All this talk about the world coming to an end reminds me that I once had an interior designer named Daniel who had MASSIVE angel wings tattooed on his back. One afternoon we were looking at fabric swatches, and I made the mistake of asking him about them. The conversation went something like this.
Me: So, what made you want to get those big wings on your back?
Daniel: I’m an angel.
Me: (laughing) Yeah, right. (beat) No, really…
Daniel: No, I’m an angel. Actually, I’m an arch angel.
At which point I was alternately considering the following two ideas: Either he was completely crazy or, he was in fact an arch angel in which case it was probably a good idea to be on his good side.
Me: How did you learn that you were an angel?

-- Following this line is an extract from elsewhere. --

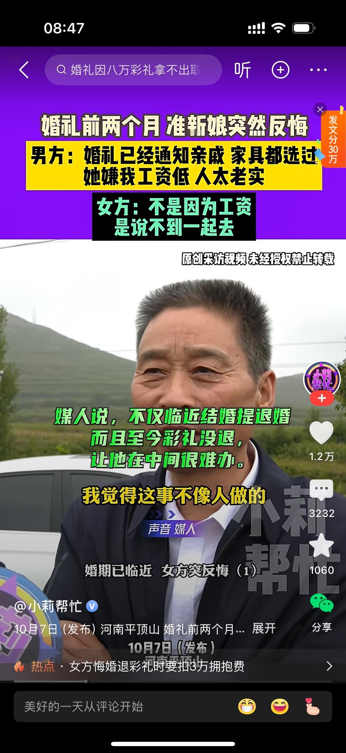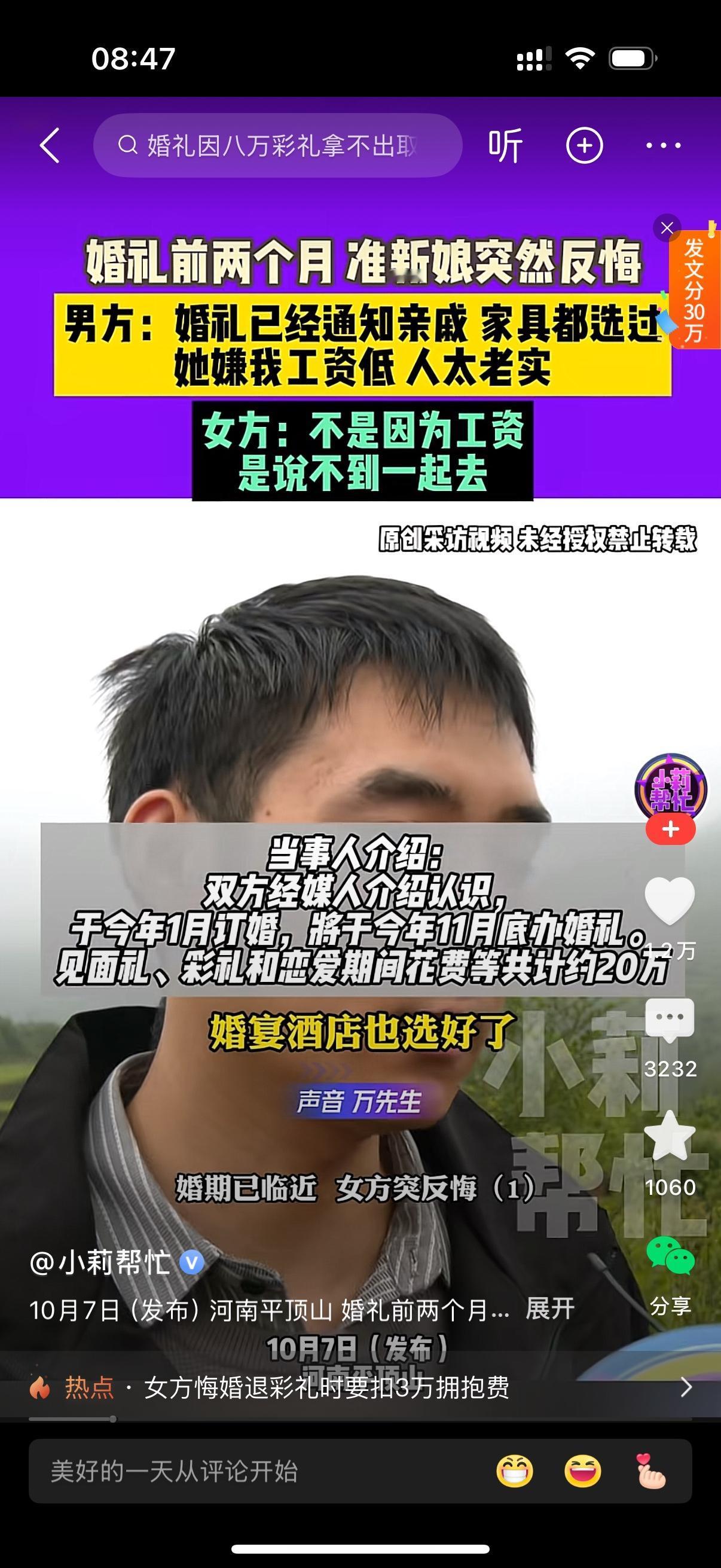 婚礼前2个月,女子突然反悔。男子称婚礼已经通知亲戚,家具也选过了,酒店也选好了。

The rest of the conversation went something like this:
He was working as a makeup artist on the TV show Roseanne. One day, Roseanne brought in her personal psychic to do a reading for all the employees. R’s personal psychic was an obese woman, whose name escapes me – although Barbara seems to ring a bell. Daniel and Barbara met and it was ‘magic’ because their souls recognized one another. It turned out they had been some sort of conjoined holy couple when the universe began. He was the male, she was the female and they had different names. Hers was Esmerelda, but his name was more of a sound. It was like a cross between Superman’s father’s name, and the sound a vuvuzela makes. They ended up quitting their day jobs and went on a one year road trip in a Winnebago, where they would go in and out of their twin alter egos, hugging trees (literally) and preaching to people that the end of the world was near. He also mentioned that when Barbara was her alter soul ego she could run extremely quickly despite her girth.
Me: Wow. So, what’s going to happen? Are we all going to die?
Him: No, nothing like that. Basically, money will become a thing of the past.
Me: So, how will we get goods?
Me: I like the sound of that.
Him: Yeah, people will become kinder, and there will be no irony anymore.
Me: What?! No irony?! What are we going to turn into a bunch of Jedediah Purdy clones?
Him: You’ll be fine… I think we should go with the chenille.